Member of the Pennsylvania House of Representatives from the 2nd district
- In office January 2, 1979 – May 28, 2001
- Preceded by: Robert E. Bellomini
- Succeeded by: Gayle Wright

Personal details
- Born: December 19, 1936 Erie, Pennsylvania
- Died: May 28, 2001 (aged 64)
- Party: Democratic
- Spouse: Linda Lou
- Education: Gannon University

= Italo Cappabianca =

American politician (1936–2001)

Italo S. Cappabianca was a Democratic member of the Pennsylvania House of Representatives.

He graduated from Strong Vincent High School in Erie, Pennsylvania, in 1955 and earned a degree in political science from Gannon University in 1968. He was elected to represent the 2nd legislative district in 1978, following the resignation of Robert E. Bellomini. He married his wife Linda Lou Cappabianca late in life, and climbed Mount Kilimanjaro with two fellow legislators, Bill DeWeese and Frank Serafini.

He was diagnosed with brain cancer in the summer of 1999 and underwent an experimental gene therapy treatment at the University of Pittsburgh Cancer Institute. He died on May 28, 2001. Gannon University offers the "Italo S. Cappabianca Scholarship," an endowed scholarship in his name.

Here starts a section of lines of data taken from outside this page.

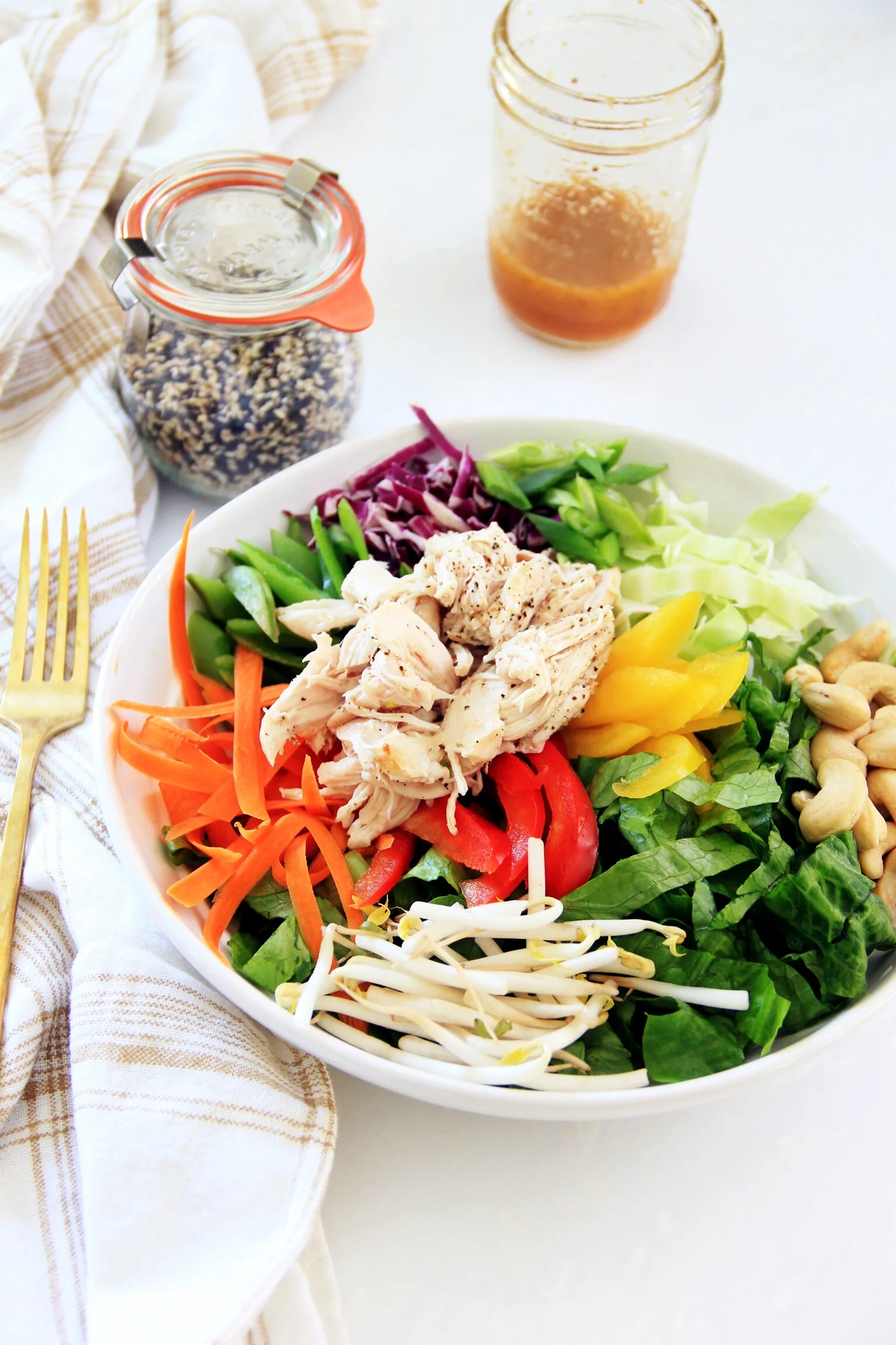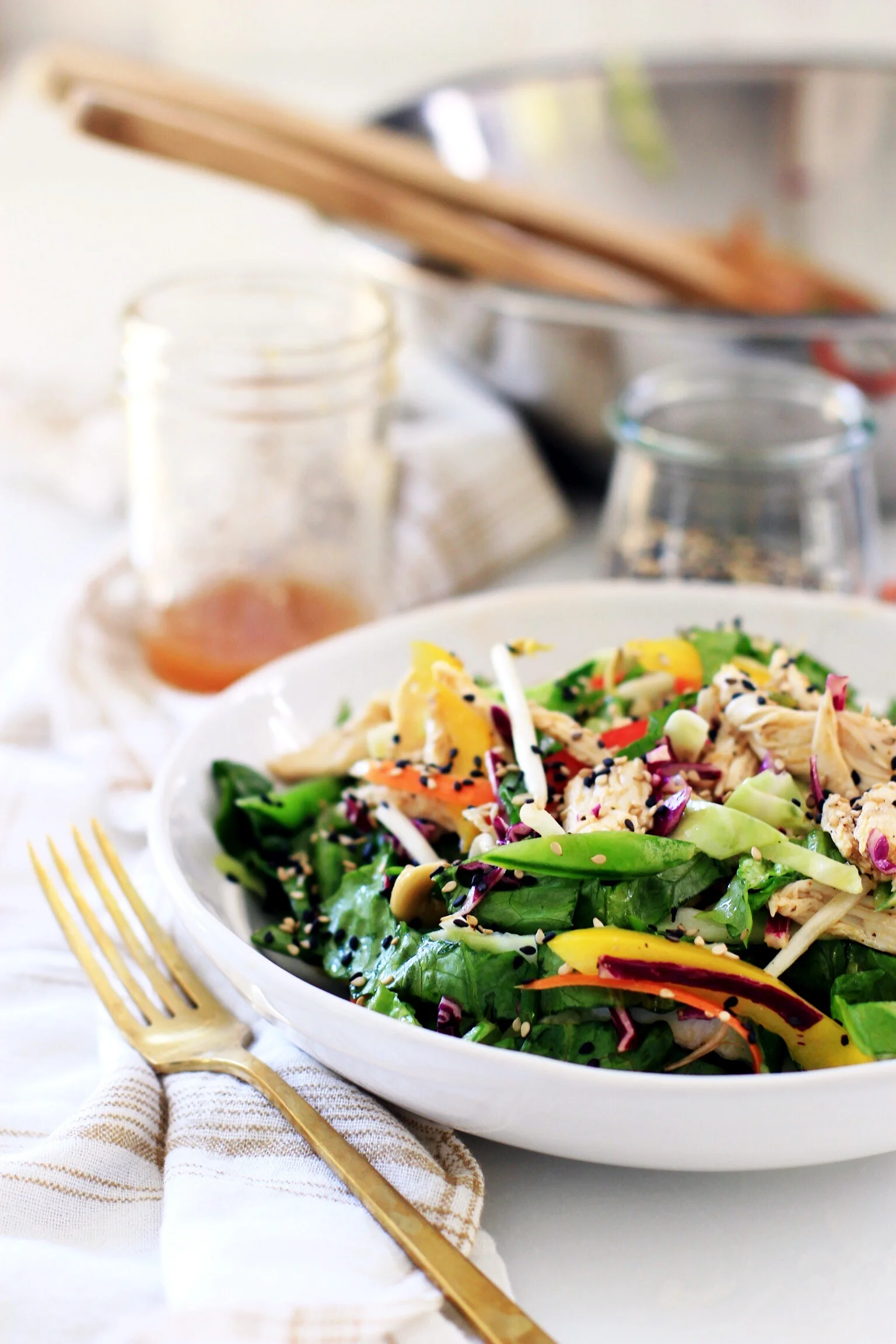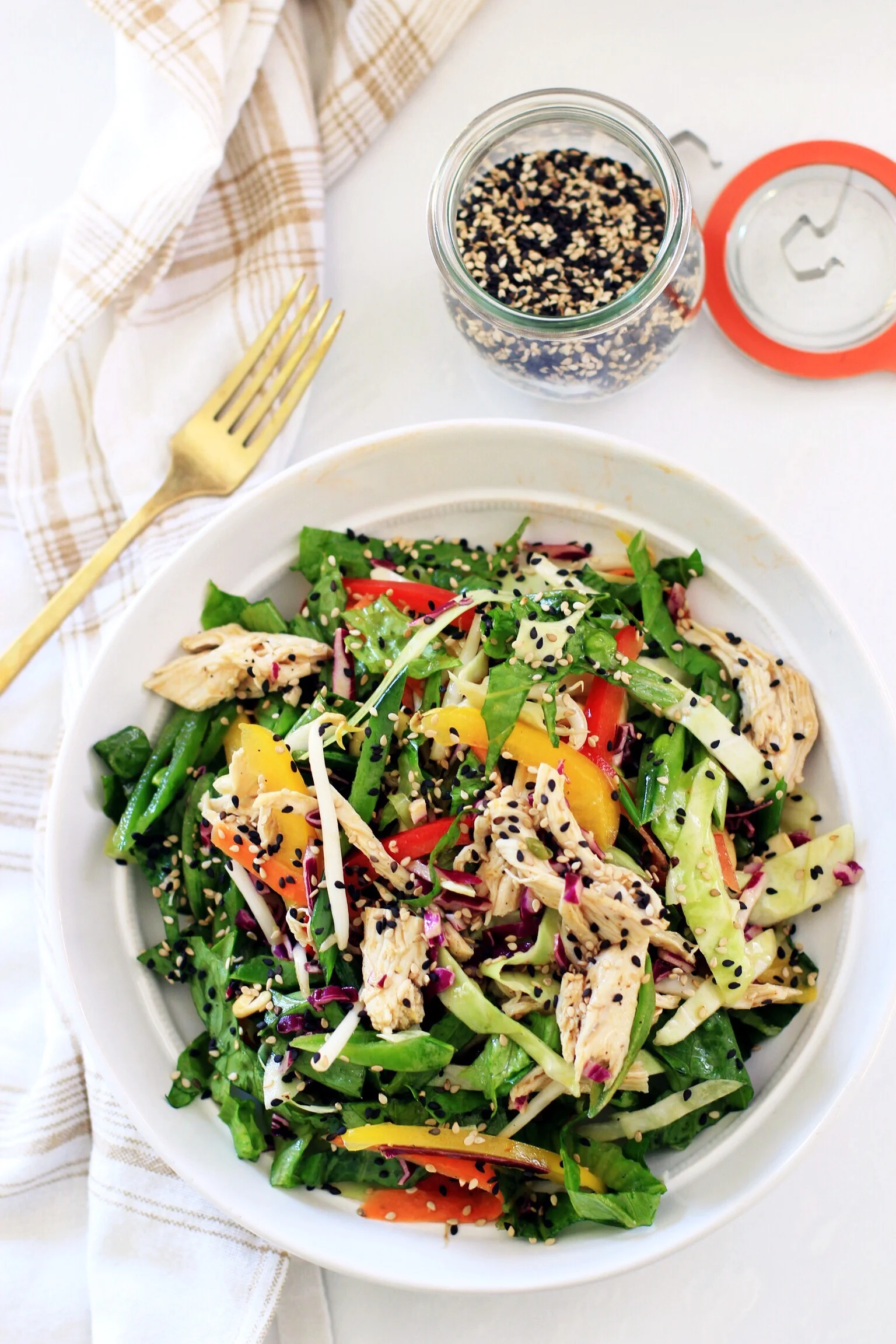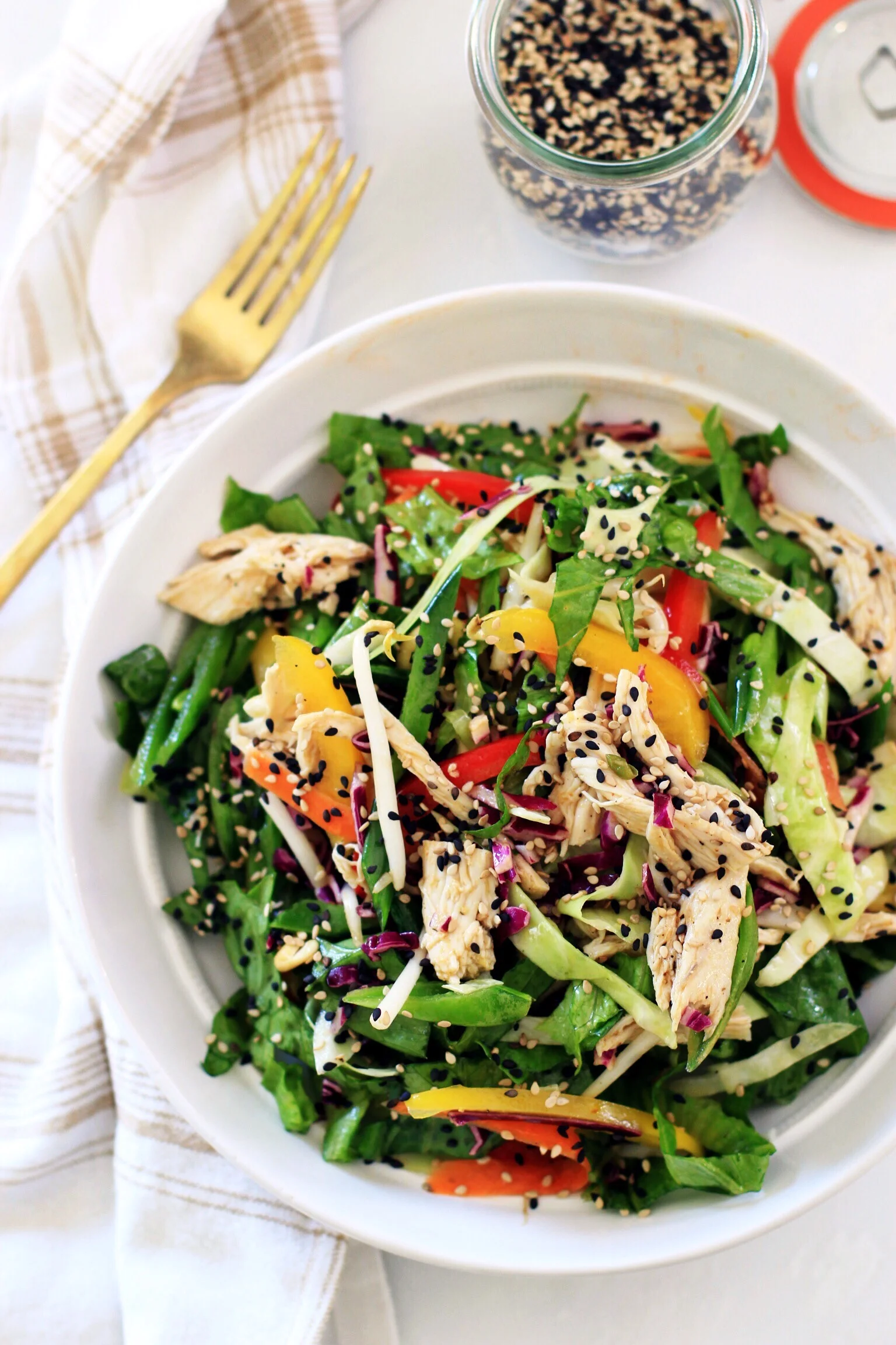 Combine lettuce, vegetables, and chicken in a large mixing bowl. If you’re eating all of it now, pour dressing over top, and toss well (or divide out the portion you’re saving for later before dressing). Taste for seasoning, and add salt and pepper if needed. Transfer to bowls or plates, and sprinkle with sesame seeds to finish. Note: Salad can be prepared and compiled in a container a day ahead - just wait to dress and toss until you’re ready to eat.
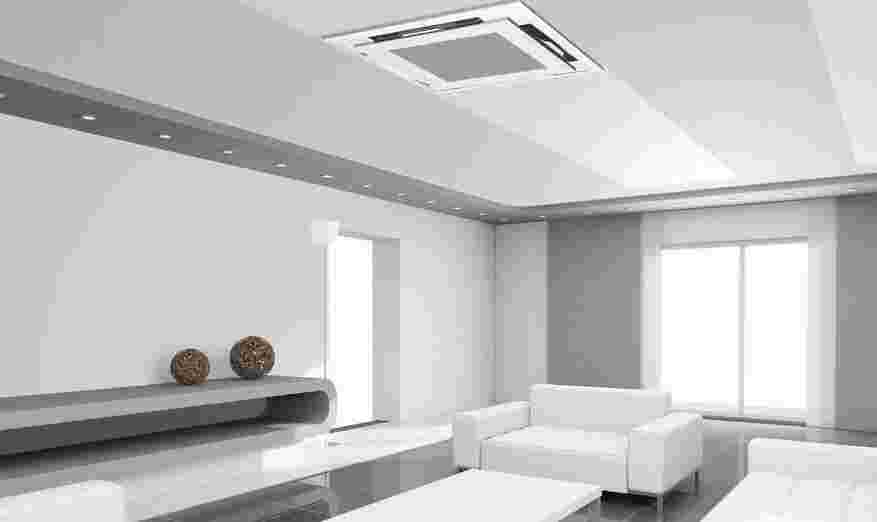 При работе кондиционера кассетного типа воздушный поток распределяется по четырём направлениям. Это даёт возможность системе быстро и равномерно прогреть или охладить достаточно большое помещение. Стоит учитывать, что в данном случае приобретение подобной системы неоправданно экономически для помещений меньше 50 квадратных метров.
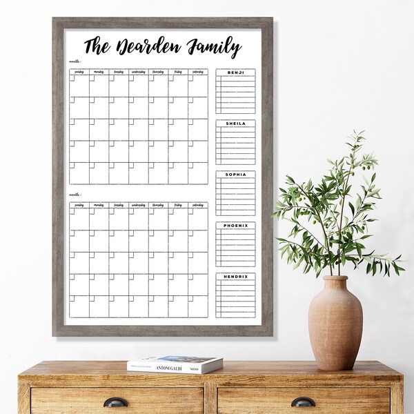Custom Calendar for Family Command Center Dry Erase Wall Calendar
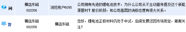 橫店東磁(002056)周四在全景網互動平臺上表示,公司鋰電池正極材料仍處于中試,后續發展還因市場而定。
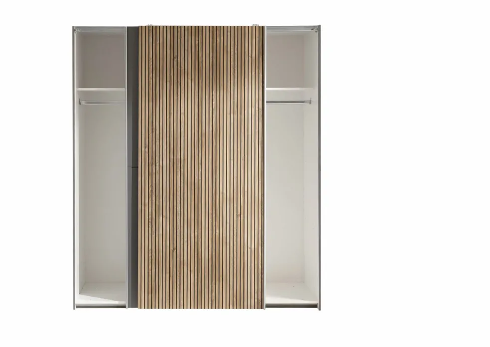 Répartition intérieure : 1 paroi médiane et, par compartiment, 1 tablette et 1 barre de penderie

Linda Cappabianca lost the endorsement of the local Democratic committee to succeed her husband, losing to her former friend Gayle Wright. Mrs. Cappabianca explained that "[Wright] really didn't call me and discuss what she was going to do." She decided against mounting a formal write-in campaign, citing time constraints, but encouraged voters to write her in as an independent candidate. Wright won the August 14 contest with 48.2% of the vote, with Cappabianca placing a strong second place with 39.1%.